William Pooley in his blog joins in on an interesting debate; when it comes to history are we Asking the Wrong Questions? Asking a Western audience to name their top ten (or three or five) historic figures often results in a list of white men, with a couple of infamous women thrown in. When @HistoryExtra asked this question the results included those traditionally (in elitist terms) perceived as the “good and the great (or infamous)”:

  • Queen Victoria
  • Alfred the Great
  • Richard III
  • Adolf Hitler

Of course these people made a huge impact on the world: if we are to believe the historians who tell their stories. But, we make an impact too: you and me. Ever made a sacrifice for someone else? Ever asked for a favour? Ever helped somebody for no other reason than you could? Did you not impact on that person’s life? Did they not impact on yours?

Back in June Rebecca Rideal pulled out of the Chalke Valley History Festival. She was protesting that out of 148 speakers only 32 were women and only one a person of colour. If you do the maths that means that of 148 speakers 116 were white men. 116?

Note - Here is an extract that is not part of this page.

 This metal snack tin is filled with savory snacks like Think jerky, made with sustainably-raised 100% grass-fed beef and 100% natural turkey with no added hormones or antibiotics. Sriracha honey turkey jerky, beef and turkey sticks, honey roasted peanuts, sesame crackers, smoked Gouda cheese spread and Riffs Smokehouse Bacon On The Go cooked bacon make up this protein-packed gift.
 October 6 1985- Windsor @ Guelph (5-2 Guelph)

I’m a historian, but neither an academic, nor a published biographer (yet), rather I’m a person who lives and interprets history. An archivist by trade I have met people who thought they were “too stupid” to attend a history talk, that they would feel out of place and could never “research” anything for themselves. I have also met people self-publishing histories of their family, their house, or their village. Their stories are full of passion for the subject, the place and the people, because the people are their ancestors, the place is where they live, and the subject is close to their hearts. Understanding history helps humans to understand themselves and each other.

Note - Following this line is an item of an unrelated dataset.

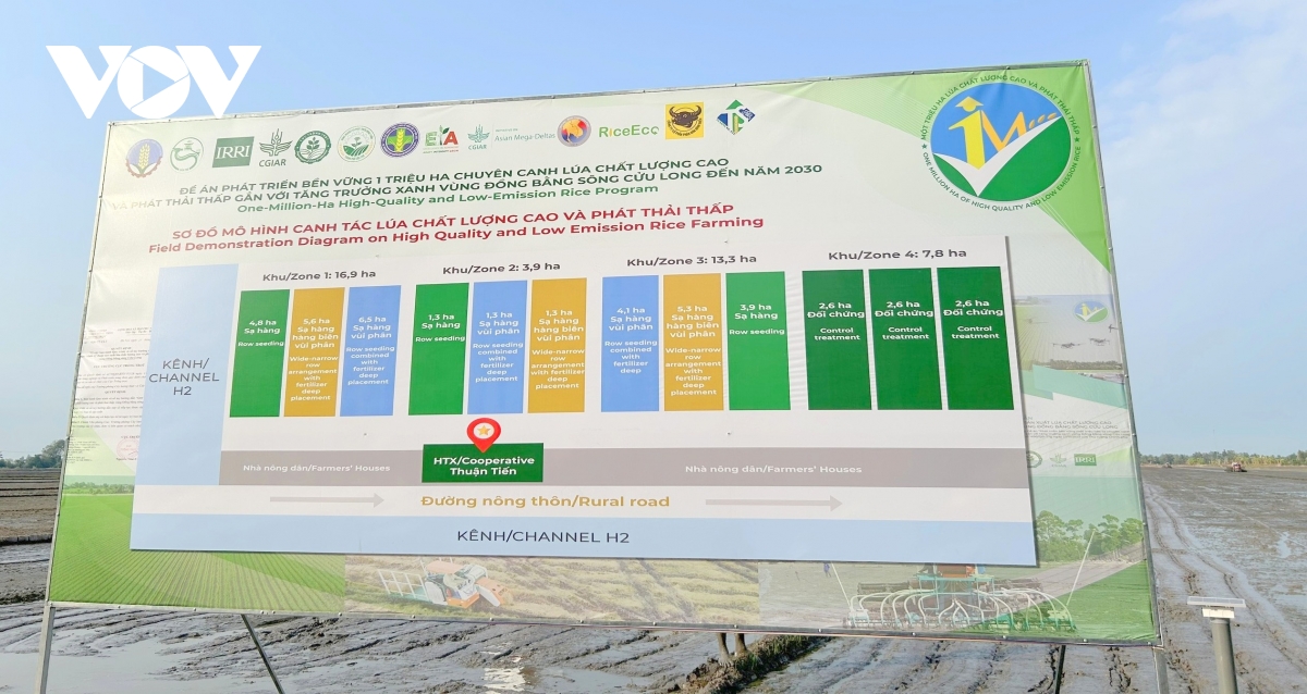 Từ năm 2024, Bộ NN&MT đã phối hợp với 5 địa phương triển khai 7 mô hình thí điểm Đề án 1 triệu hecta lúa chất lượng cao, phát thải thấp gắn với tăng trưởng xanh vùng ĐBSCL trong hai vụ Hè Thu và Thu Đông với diện tích 50 ha/mô hình. Qua thí điểm các mô hình mang lại những lợi ích rõ rệt cả về kinh tế lẫn môi trường. Chi phí sản xuất giảm từ 8,2% - 24,2%, giảm lượng giống từ 30-50%, giảm lượng phân bón hóa học từ 30 - 70 kg phân bón/ha, giảm 1 - 4 lần phun thuốc bảo vệ thực vật và giảm 30 - 40% lượng nước tưới.

So, when you’re watching that famous historian’s TV show or podcast, or reading their books, remember that you are a historian too. You own interpretation is as valid as anyone else’s. Talk to your friends and relatives, and people who are neither, get to know your community’s heritage, maybe even pop into your local archive. Did you know that every county has at least one archive which is full of stories? Nottinghamshire’s has over four million documents covering 800+ years. And it will not cost you a penny to look at them.

History should be, to borrow from Lincoln’s famous Gettysburg Address, by the people and for the people. Are we not all people? Are we not all historians?